Christmas day two years after my brother’s passing I would meet a girl at my grandparents residence. She was from out-of-state visiting her dad down the street. She was smart and encouraged me to go back to school. I enrolled again in community college and took two classes. I completed this semester of college. She would later move to my state and in two years I graduated from community college. She had just finished her first year at the university. She encouraged me to continue school, I encouraged her to drink.

My first semester at the university went horrible. I did not drop classes because I drank quite frequently and would forget to. In forgetting to do so, I failed two classes.  My GPA was 1.25 that first semester. I would transfer from my smaller campus to a bigger one to be closer to the one girl who still had faith in me. That faith was soon lost and she would later leave me because she graduated and I got kicked out of school with a GPA of 0.75.

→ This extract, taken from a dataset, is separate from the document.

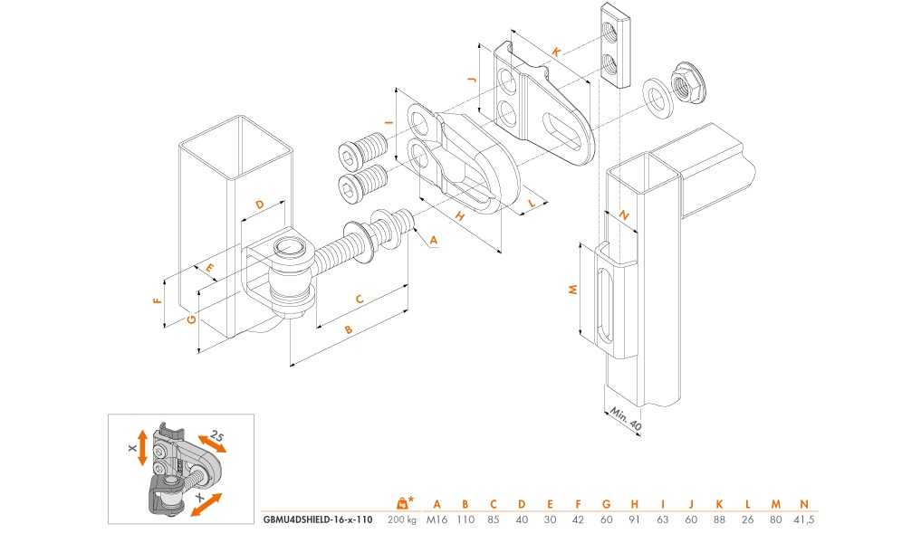 LOCINOX® GBMU4DSHIELD navařovací pant M16, otevíratelný 180°, nastavitelný 3D, zvýšená bezpečnost, částečně pozinkovaný

It would take four years before I would enroll in school again. However, I changed one thing, I had quit drinking for a year already. The university would not take me until I completed and passed courses at a community college first. Two successful semesters I was able to transfer back to the very university that suspended me. I went full-time for two years including summers. Passed every class except one which I was able to retake. I graduated at the age of 37.

I jumped right into graduate school that spring and I passed both my classes. Shortly after, my fiance decided she was not ready for marriage. I tried summer school and felt myself struggling again. A misunderstood posting on social media and I was once again asked to leave the university. I maintained my sobriety through that ordeal and two years later I found a graduate program on the east coast. My grandmother had encouraged me to go and I have completed my first year, but it was a rocky one. My grandmother passed away this past January and I barely passed one of my classes,  but I stayed the course.

I am thankful I have continued to try, fail, and eventually succeed over the span of my life. I took a different route and I can tell this same story a dozen different ways. I could point my finger for all the reasons it didn’t work out the way it should have and blame anyone but myself from the beginning. However, I am where I am now for a reason. I have founded a new company called iamthankfullife and soon I will use that to help others who have gone down different roads themselves. Not just in education, but from all aspects and angles of life.

My journey and education continue this summer while studying abroad in Uganda. It will be a new experience and a way to continue learning in a different environment. I hope to document this adventure as well as to start iamthankllife to inspire others to continue going down a different road.

Thank you for reading and I will tell you more about my next journey as the time gets closer.